Yes, for libstdc++ purposes which seems to get more and more "always-inline"
it would be good to have a different attribute that would only cause to
disregard inline limits and not have "always-inline" semantics.

[[inline_without_limits]] or [[inline_no_limits]]
Comment 14 Jan Hubicka 2024-01-11 12:59:24 UTC
> I think the issue might be that whoever is creating
> __static_initialization_and_destruction_0 fails to honor the active
> target pragma.  Which means back to my suggestion to have multiple ones
> when different target options are on the individual CTORs and any of them
> have always-inline (with always-inline we can't rely on an out-of-line copy
> to exist).

If I remember right, __static_initialization_and_destruction_0 call all
static constructors of priority 0. So it has really no active pragma
since it may change across translation unit.

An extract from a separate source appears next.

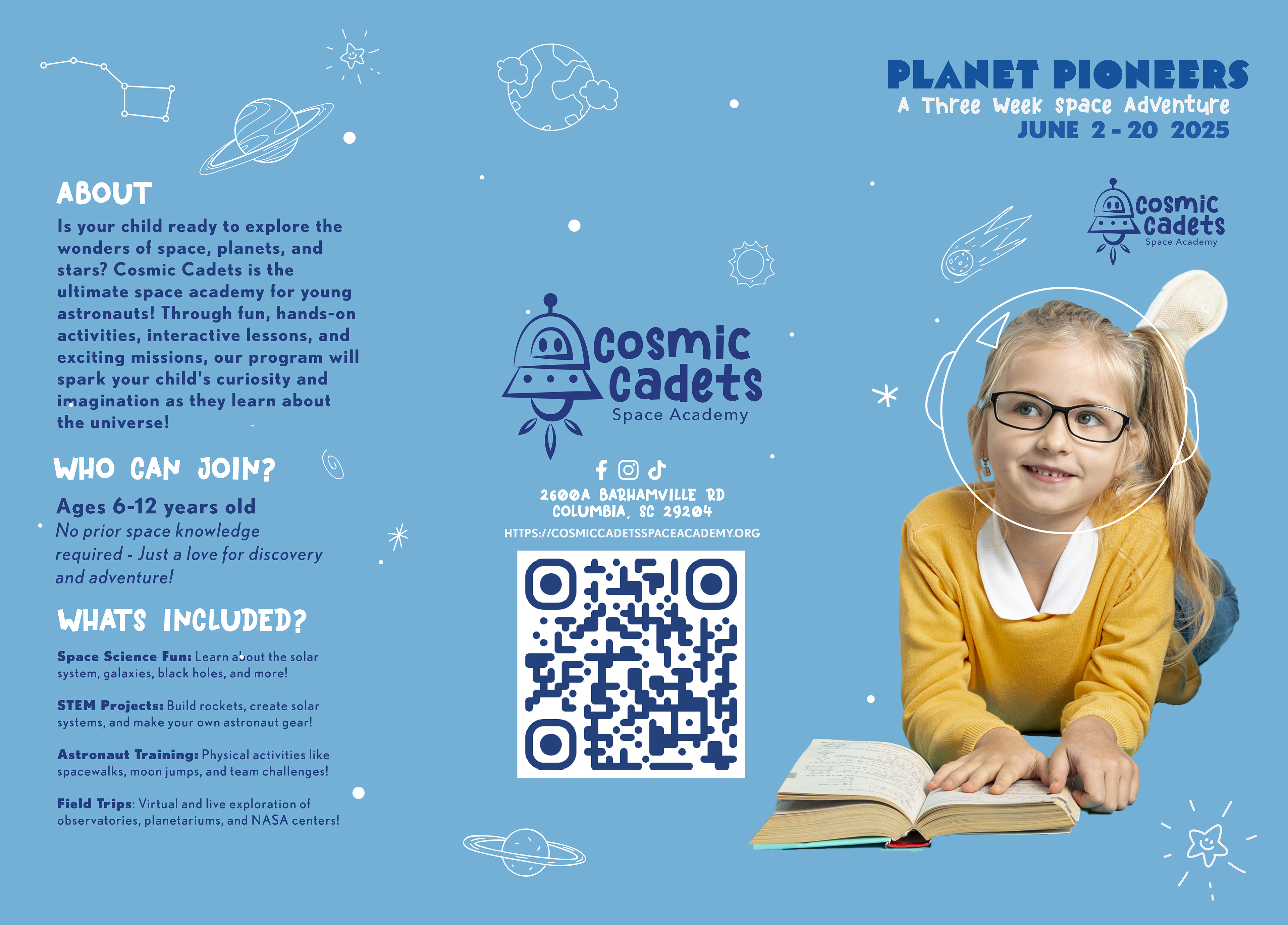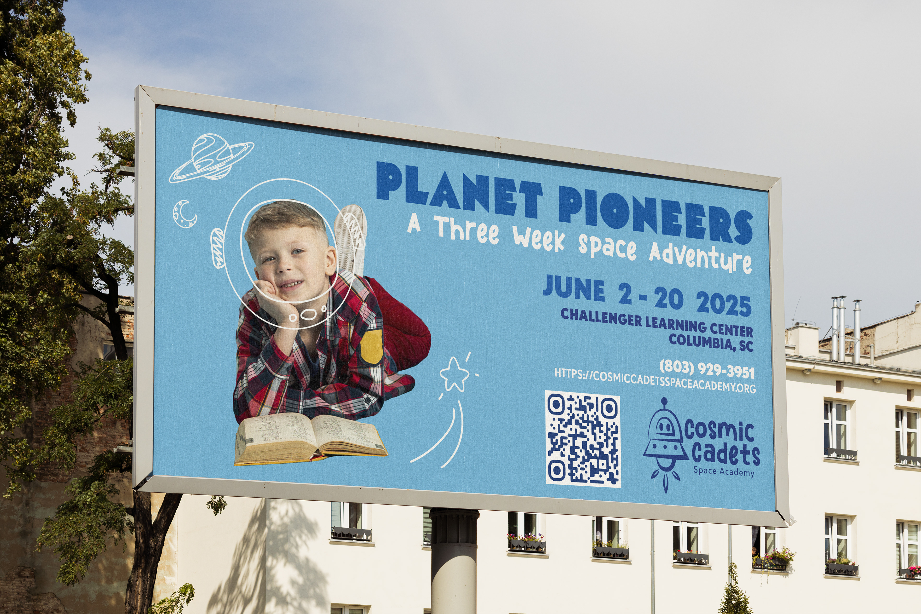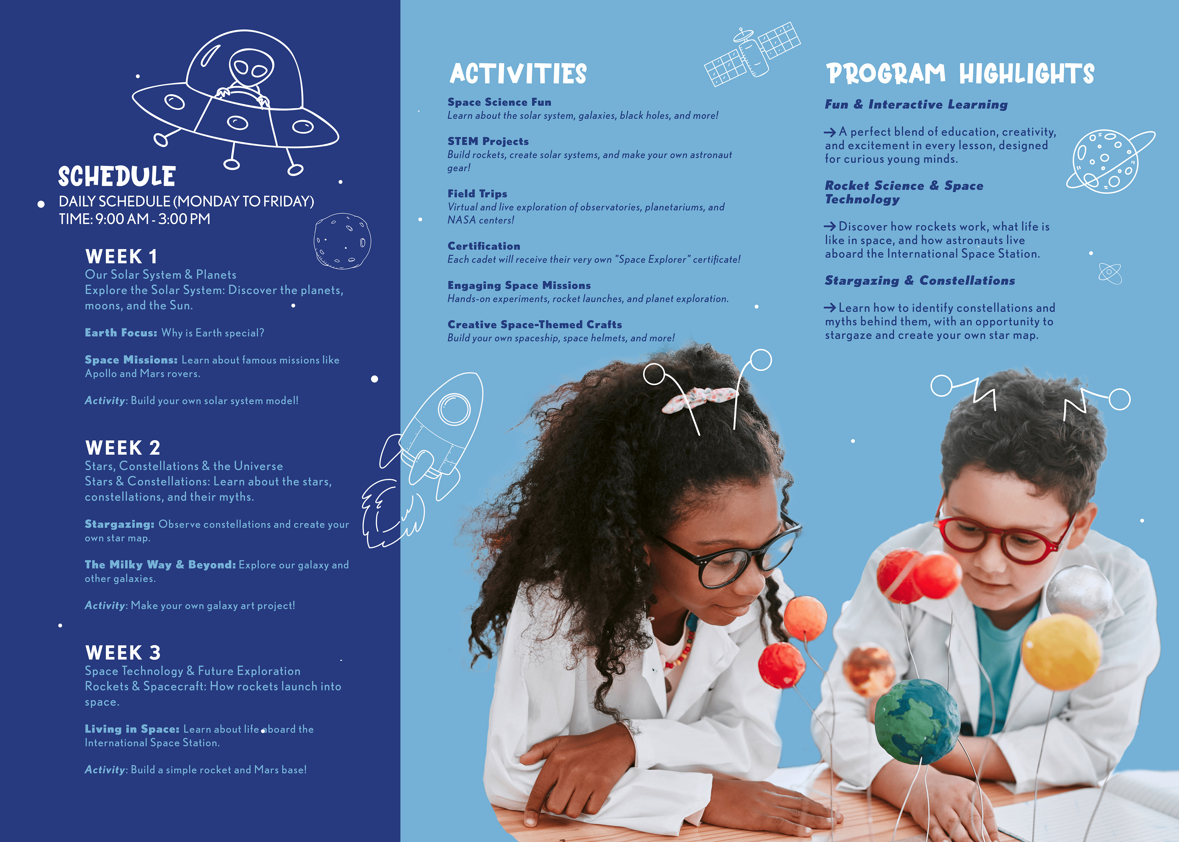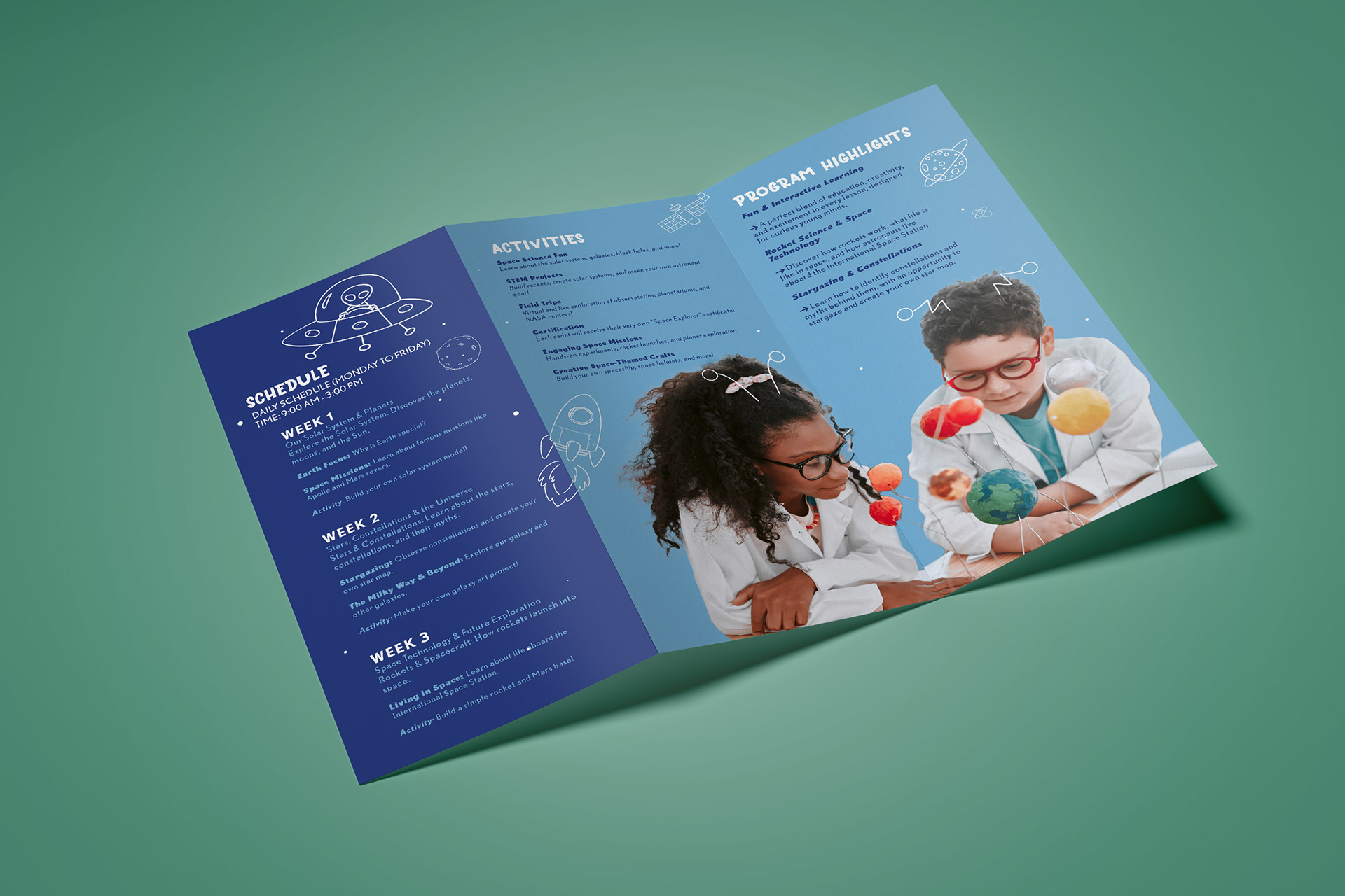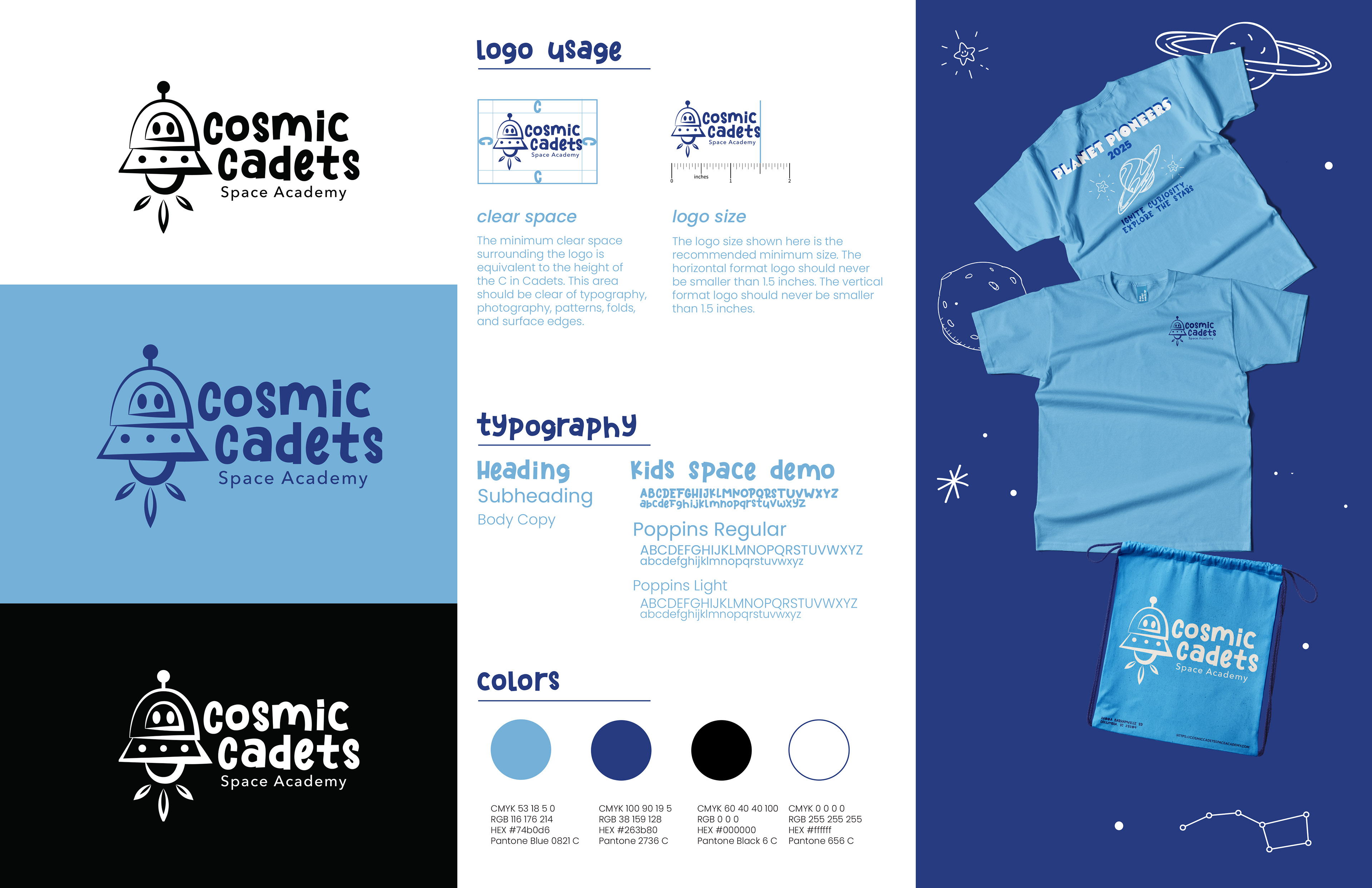 A full brand identity spread and logo designed for a kid’s space program where campers have the opportunity to learn about space through interactive and first hand projects. The design focuses on fun, creativity and being family friendly.
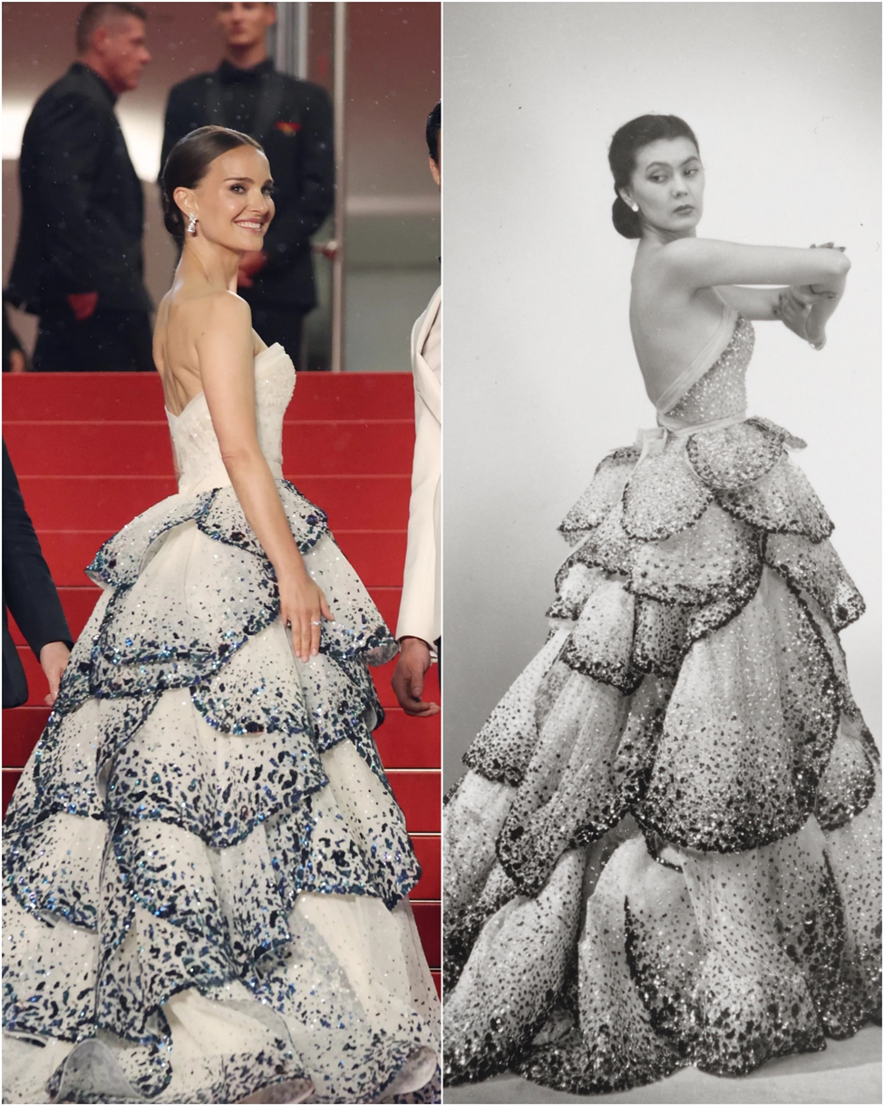 Cannes Film Festivali kırmızı halısında Natalie Portman’ın çok ikonik bir elbiseyi, ‘49 senesinden Dior Junon’un yeni yapılmış bir versiyonunu giymesi de yılın enleri arasındaydı. Portman’ın giydiği elbisenin dokusu ve işlemelerin yoğunluğu orijinali gibi değildi tabii, defalarca Galliano, Zuhair Murad vs. tarafından benzeri yapılan bu elbisenin ilham kaynağı Roma mitolojisinden Juno, Grek karşılığı Hera. Elbisenin formu ve işlemeleri, Tanrıça Juno’nun sembolü olan tavuskuşuna benziyor.

We also have similar code in IPA where we collect constructors
across whole program.  Motivation was to get them inlined and obtain
better code locality. Back then Firefox had iostram constructor in every
object file and those ctors made whole text segment to be loaded on
demand during startup.

Probably correct solution would be to group construtor into groups by
compatible optimization/target pgramas in the inliner's definition.
A quick hack would be to generate wrapper calls which will "eat" the
always inline...
Comment 15 Jason Merrill 2024-03-14 20:34:16 UTC
Created attachment 57706 [details]
one approach

I tried just making implicit functions respect #pragma target, but that regresses pr105306 due to seeming internal confusion over whether -Ofast or #pragma optimize apply to the implicit ~C.  I haven't tracked that down yet.
Comment 16 Jason Merrill 2024-05-08 13:46:16 UTC
Patch posted: https://gcc.gnu.org/pipermail/gcc-patches/2024-May/650439.html
Comment 17 Jakub Jelinek 2024-05-21 09:14:58 UTC
GCC 13.3 is being released, retargeting bugs to GCC 13.4.
Comment 18 GCC Commits 2024-05-29 13:51:49 UTC
The trunk branch has been updated by Jason Merrill <jason@gcc.gnu.org>:

https://gcc.gnu.org/g:eff00046409a7289bfdc1861e68b532895f91c0e

commit r15-902-geff00046409a7289bfdc1861e68b532895f91c0e
Author: Jason Merrill <jason@redhat.com>
Date:   Wed Feb 14 17:18:17 2024 -0500

    c++: pragma target and static init [PR109753]
    
     #pragma target and optimize should also apply to implicitly-generated
     functions like static initialization functions and defaulted special member
     functions.
    
    The handle_optimize_attribute change is necessary to avoid regressing
    g++.dg/opt/pr105306.C; maybe_clone_body creates a cgraph_node for the ~B
    alias before handle_optimize_attribute, and the alias never goes through
    finalize_function, so we need to adjust semantic_interposition somewhere
    else.
    
            PR c++/109753
    
    gcc/c-family/ChangeLog:
    
            * c-attribs.cc (handle_optimize_attribute): Set
            cgraph_node::semantic_interposition.
    
    gcc/cp/ChangeLog:
    
            * decl.cc (start_preparsed_function): Call decl_attributes.
    
    gcc/testsuite/ChangeLog:
    
            * g++.dg/opt/always_inline1.C: New test.
Comment 19 Jason Merrill 2024-05-29 13:55:16 UTC
Fixed for 15 so far.
Comment 20 Andrew Pinski 2024-06-20 15:07:53 UTC
*** Bug 115556 has been marked as a duplicate of this bug. ***
Comment 21 Richard Biener 2024-07-18 10:29:52 UTC
PR115403 needs to be addressed before backporting?
Comment 22 GCC Commits 2024-07-25 23:55:27 UTC
The trunk branch has been updated by Jason Merrill <jason@gcc.gnu.org>:

https://gcc.gnu.org/g:e397f8524a7982004eb616217477434ce350e80f

commit r15-2332-ge397f8524a7982004eb616217477434ce350e80f
Author: Jason Merrill <jason@redhat.com>
Date:   Thu Jul 25 17:36:09 2024 -0400

    c++: #pragma target and deferred instantiation [PR115403]
    
    My patch for 109753 applies the current #pragma target/optimize to a
    function when we compile it, which was a problem for a template
    instantiation deferred until EOF, where different #pragmas are active.  So
    let's only do this for artificial functions.
    
            PR c++/115403
            PR c++/109753
    
    gcc/cp/ChangeLog:
    
            * decl.cc (start_preparsed_function): Only call decl_attributes for
            artificial functions.
    
    gcc/testsuite/ChangeLog:
    
            * g++.dg/ext/pragma-target1.C: New test.